*** Available data

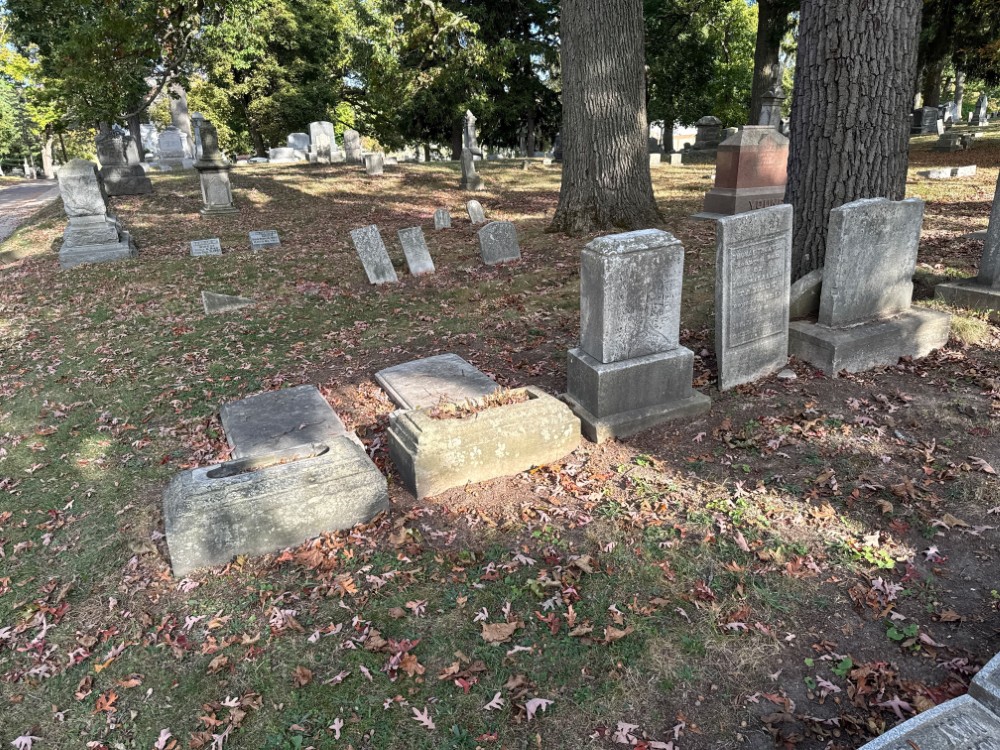 Thomas’ monument is broken at the base and is on the ground.
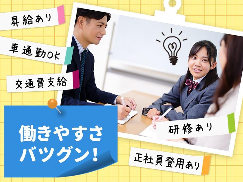 仕事内容 ー ▼CHECK! ー ☆土日祝休みで子育てとの両立も◎ ☆15時~21時の中のシフトで午前中はゆっくり♪ ☆勤務日数・曜日は相談OK ☆正社員登用アリ! ☆交通費全額支給 ー ▼お任せするのは ー 新規入塾希望者の電話受付対応! 「入塾を考えていて……」 といった方からのお電話にご対応いただきます。 人と話すのが好きな方なら、活躍できること間違いナシ! その他、現生徒さんからの各種問合せ対応や簡単な事務作業などをお任せします。 \\未経験でも安心!// 「電話対応ははじめて……」 「塾について知識ゼロ……」 そんな方でも大丈夫◎ 必要な知識は、業務をこなしていくうちに自然と覚えていけますよ! 入社後は本社での研修もご用意しています! ー ▼サクラサクセスって? ー 山陰、関西、九州、東海エリアで小学生から高校生を対象にした個別指導塾を手がける当社。創業から15年で、60校までに成長しました!
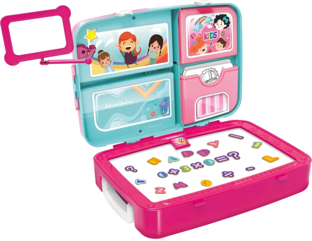 Kreatywny różowy plecak dla dzieci 28 cm z praktycznymi przegródkami i tablicą magnetyczną. Idealny do tworzenia i nauki.
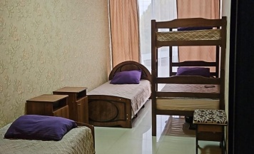 В номере: 2 односпальные кровати и 1 двухъярусная кровать, кондиционер, вентилятор, отопление, шторы, вешалка, стулья. Общая ванная комната: душ, туалет, фен и ванные принадлежности (шампунь и гель для душа).
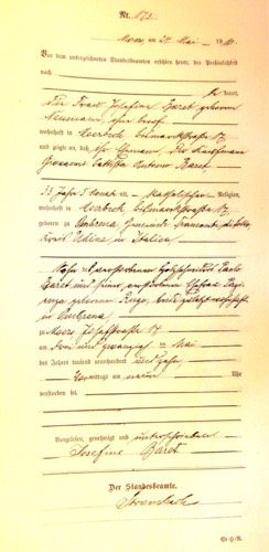 To the official signing this document came today personally known Mrs Josefine Baret, born Neumann, no profession, living in Meerbeck, Bismarckstraße 17 and reported, that her husband, the merchant Giovanni Battista Antonio Baret, 33 years and 5 month old, of catholic religion, living in Meerbeck, Bismarckstraße 17, born in Ombrena, parish of Tramonti di Sotto, County Udine in Italy, son of deceased Paolo Baret and his deceased wife Pazienza born Rugo, both at last living in Ombrena,
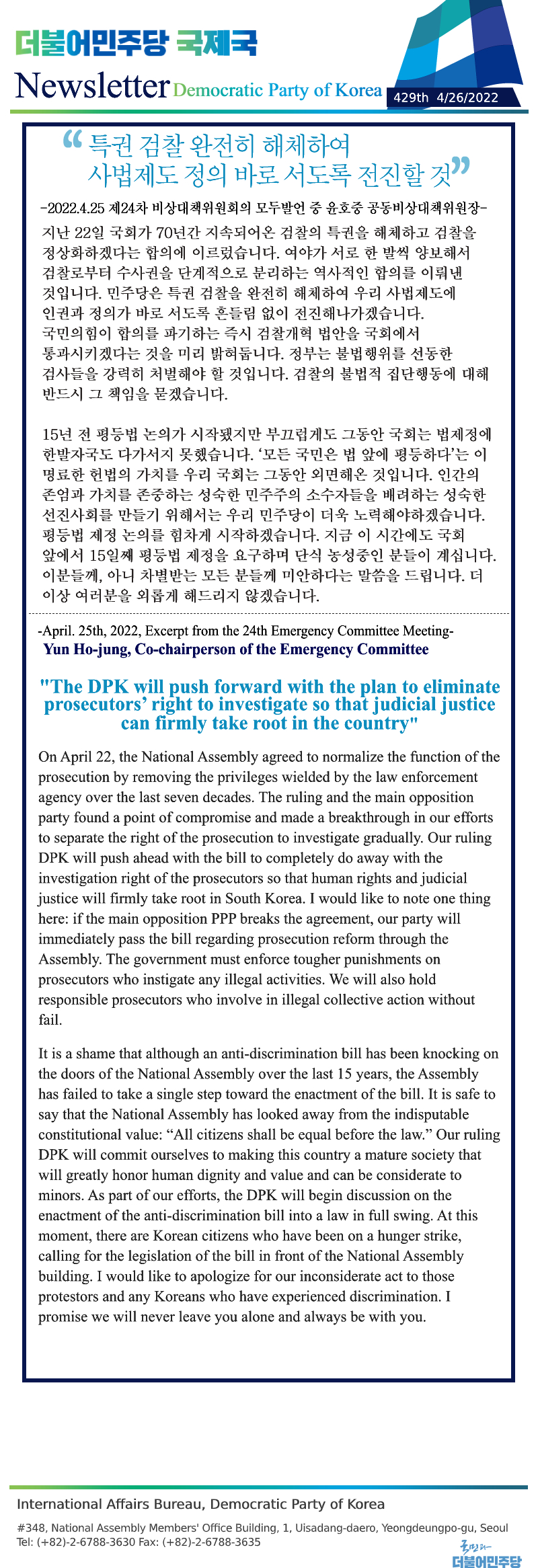 [429th Newsletter] Excerpt from the 24th Emergency Committee Meeting
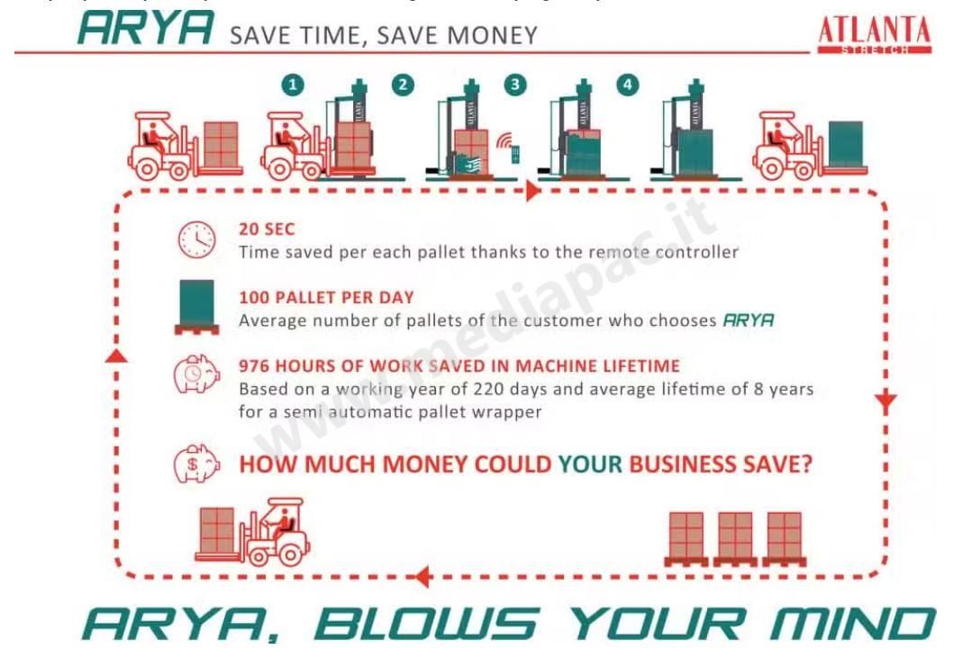ARYA consente di ottimizzare al meglio i tempi di lavorazione, poiché non richiede l’intervento dell’operatore per agganciare il film al pallet. In questo modo, gli operatori potranno dedicarsi al resto della filiera con minore sforzo e ottimizzazione
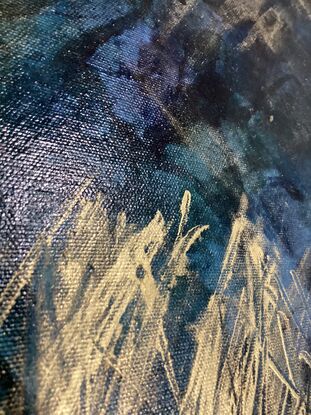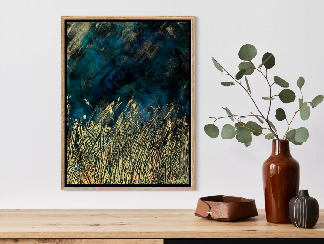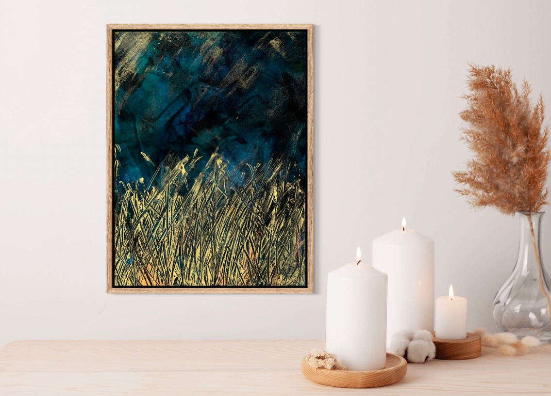 This piece captures the serene moment preceding an impending storm. A wheat field, its golden hues contrasted against a darkening sky, awaits the imminent arrival of turbulent weather. The painting invites viewers to witness the tranquility and tension of nature’s calm before the storm. I love the way the light transforms the alcohol ink showing different colours depending on where you view this piece in your room.
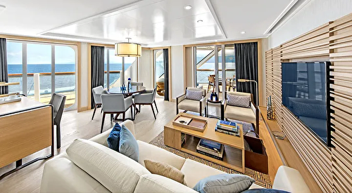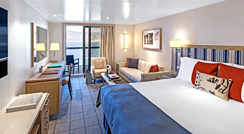 Stateroom size: 808–1,215 sq ft (includes private veranda) Ocean-view two-room suite with floor-t ... o-ceiling sliding glass door opening to a generous veranda (layout varies) Well-appointed living area & dining area that seats 4 11 AM Embarkation 11 AM priority stateroom access Priority shore excursion reservations 97 days prior to departure 3 priority reservations at each alternative restaurant 90 days prior to departure Priority spa treatment bookings 90 days prior to departure King-size Viking Explorer Bed (optional twin-bed configuration) with luxury linens & pillows Free Wi-Fi (connection speed may vary) 42″ flat-screen TV featuring MSNBC, FOX News, National Geographic and more Additional 42″ flat-screen interactive LCD TVs in living area 110/220 volt outlets & USB ports Large private bathroom with spacious glass-enclosed shower, bathtub, double-sink vanity, heated floor, anti-fog mirror & hair dryer Premium Freyja® toiletries Plush robes & slippers Direct-dial satellite phone & cell service Security safe Individual climate control Purified water refilled daily Welcome bottle of champagne Mini-bar with alcoholic beverages, soft drinks, water & snacks (replenished once daily) Binoculars Traditional Norwegian Marius-weave blanket Personal coffee machine with premium coffee & tea selections Stateroom steward & twice-daily housekeeping 24-hour room service Complimentary laundry, dry cleaning, pressing & shoe shine services Under-bed suitcase storage space Spacious drawers & closet with wooden hangers

******

Reproduce the data above line for line, from its first line through the line containing "仕事内容 ー ▼CHECK!", both ends included, with the pictures omitted and nothing more.

 Thomas’ monument is broken at the base and is on the ground.
 仕事内容 ー ▼CHECK! ー ☆土日祝休みで子育てとの両立も◎ ☆15時~21時の中のシフトで午前中はゆっくり♪ ☆勤務日数・曜日は相談OK ☆正社員登用アリ! ☆交通費全額支給 ー ▼お任せするのは ー 新規入塾希望者の電話受付対応! 「入塾を考えていて……」 といった方からのお電話にご対応いただきます。 人と話すのが好きな方なら、活躍できること間違いナシ! その他、現生徒さんからの各種問合せ対応や簡単な事務作業などをお任せします。 \\未経験でも安心!// 「電話対応ははじめて……」 「塾について知識ゼロ……」 そんな方でも大丈夫◎ 必要な知識は、業務をこなしていくうちに自然と覚えていけますよ! 入社後は本社での研修もご用意しています! ー ▼サクラサクセスって? ー 山陰、関西、九州、東海エリアで小学生から高校生を対象にした個別指導塾を手がける当社。創業から15年で、60校までに成長しました!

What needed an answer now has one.